«Я —
Лучше не знать ничего, чем многое — наполовину! Лучше на свой страх и риск быть дураком, чем мудрецом за счет чужих мнений! Я доискиваюсь основы:
— неважно, мала она или велика, называется болотом или небом. Пусть основа эта будет хотя бы в руку шириной — с меня достаточно: лишь бы была она основанием, на котором можно утвердиться!
— пусть хоть в руку шириной: на ней можно утвердиться. В истинно совестливом познании нет большого и малого».
«Так, может быть, ты — исследователь пиявок? — спросил Заратустра. — Может быть, ты, совестливый духом, до последних основ исследуешь пиявку?»
«О Заратустра, — отвечал совестливый духом, — это было бы слишком, если бы решился я на это!
Если что и познал я, так это мозг пиявки: это —
Поистине, это целый мир! Но прости, здесь говорит уже гордость моя, ибо в этом нет мне равных. Потому и сказал я, что тут — я у себя дома.

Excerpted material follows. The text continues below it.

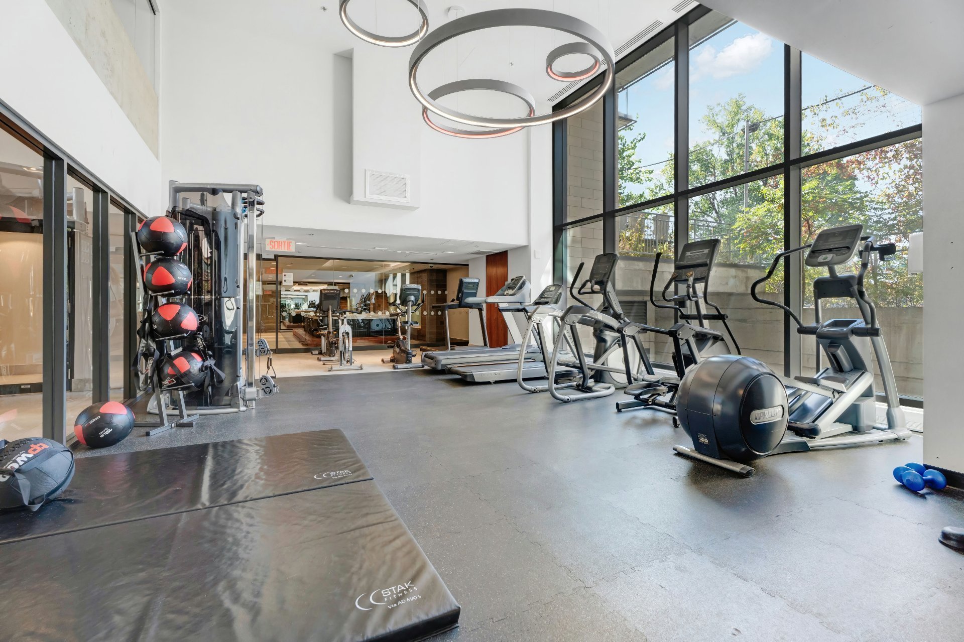 Sécurité 24 h/24, 7 j/7; Rangement pour vélos; Salle d'entraînement; Piscine intérieure; Jacuzzi; Jardins intérieurs paysagers; Terrasse commune sur le toit avec BBQ

Давно уже исследую я эту единственную вещь, мозг, пиявки, чтобы скользкая истина не ускользнула от меня! Здесь — мое царство!
— ради этого я пожертвовал всем, из-за одного этого все стало мне безразличным; и рядом со знанием моим — тьма невежества.
Совесть духа моего требует от меня, чтобы знал я что-нибудь одно и не знал ничего другого: мне отвратительны все половинчатые духом, все туманные, выспренние, мечтательные.
Там, где кончается честность моя, я слеп, и хочу быть слепым. Но там, где желаю я знать, хочу я быть честным, а значит — строгим, твердым, целеустремленным, жестоким и неумолимым.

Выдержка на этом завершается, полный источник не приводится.